A week is a long time in politics:  a saying that was old long before the arrival of the internet placed us fair and square in a world of instant everything. Certainly most of us seem to travel an unimaginable distance through life in the space of seven days – and a journey  particularly marked in that first Holy Week in Jerusalem almost 2000 years ago

As the crowds formed, dispersed, regrouped around the person of the itinerant preacher from Galilee, the mood of the city changed with them, from joy to anger, from perplexity to frustration (and later from emptiness to incredulous joy).
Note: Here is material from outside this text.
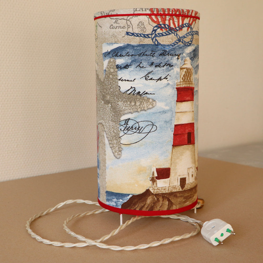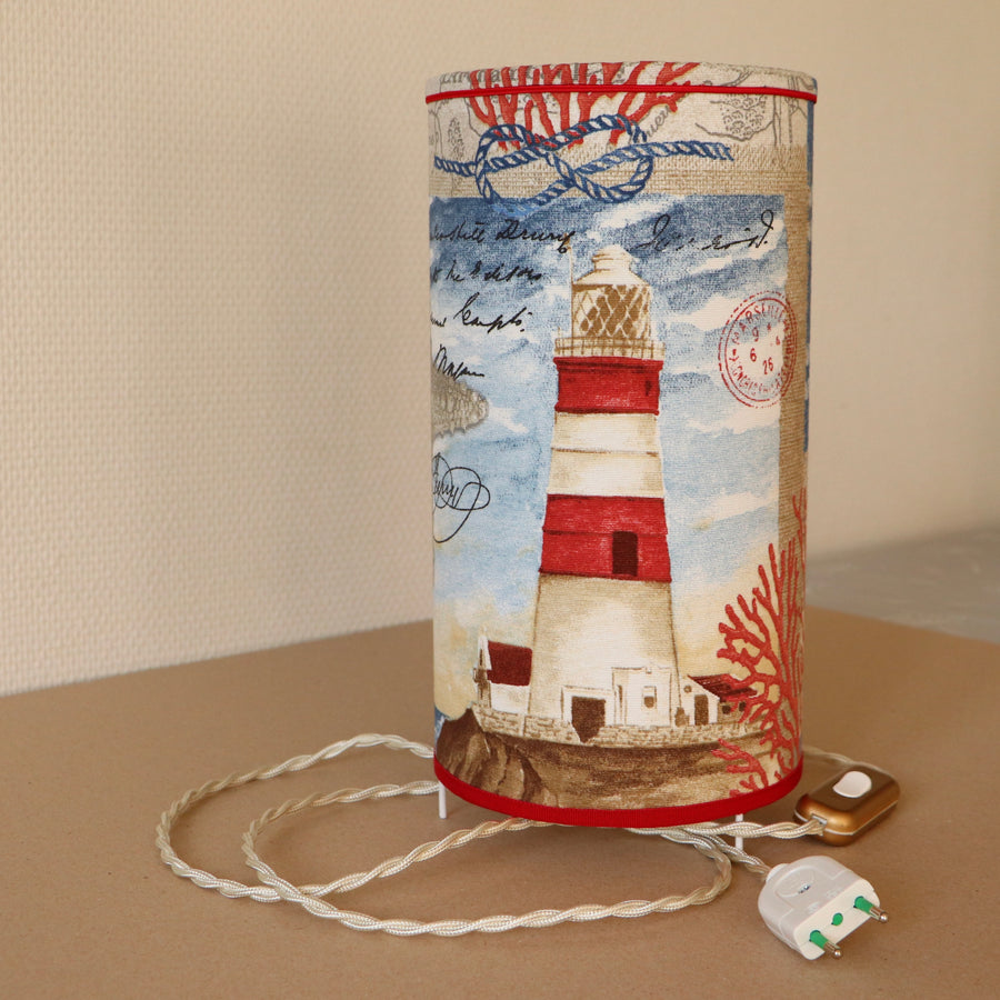 Abat-jour sur pieds (lampe), contrecollé en tissu, PHARE rouge

We’ve made that journey too, as together we’ve walked the way of the cross and now we’re reaching the final act of the drama…

It’s Thursday, and so the Triduum, the great Three Days of God’s saving action, is upon us.
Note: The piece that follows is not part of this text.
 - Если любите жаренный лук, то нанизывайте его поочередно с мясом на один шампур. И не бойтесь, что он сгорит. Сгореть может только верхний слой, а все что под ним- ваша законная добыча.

Faced with human indifference, with our repeated failure to come and learn God’s way, God has emptied himself, thrown all that he HAS, all that he IS at the problem.

It’s Thursday.

The darkness gathers but there’s light and community as a group meets around a table in an upstairs room.
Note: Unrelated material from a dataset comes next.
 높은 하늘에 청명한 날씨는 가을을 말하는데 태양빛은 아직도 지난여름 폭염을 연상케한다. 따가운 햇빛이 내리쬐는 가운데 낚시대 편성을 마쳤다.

If you knew this would be your last night on earth, I wonder what you’d do.

Probably, try to contact those you love…maybe attempt reconciliation in broken relationships…no time to finish reading those unopened great works of literature, to learn Hindi or to visit the far away lands you’d always dreamed of…but still, a time for unfinished business - or to enjoy a special meal with your friends?

Jesus had lived a perfect life.

He had only one piece of business left to complete...and so, he did what he had always done.

He sat down at table with his disciples.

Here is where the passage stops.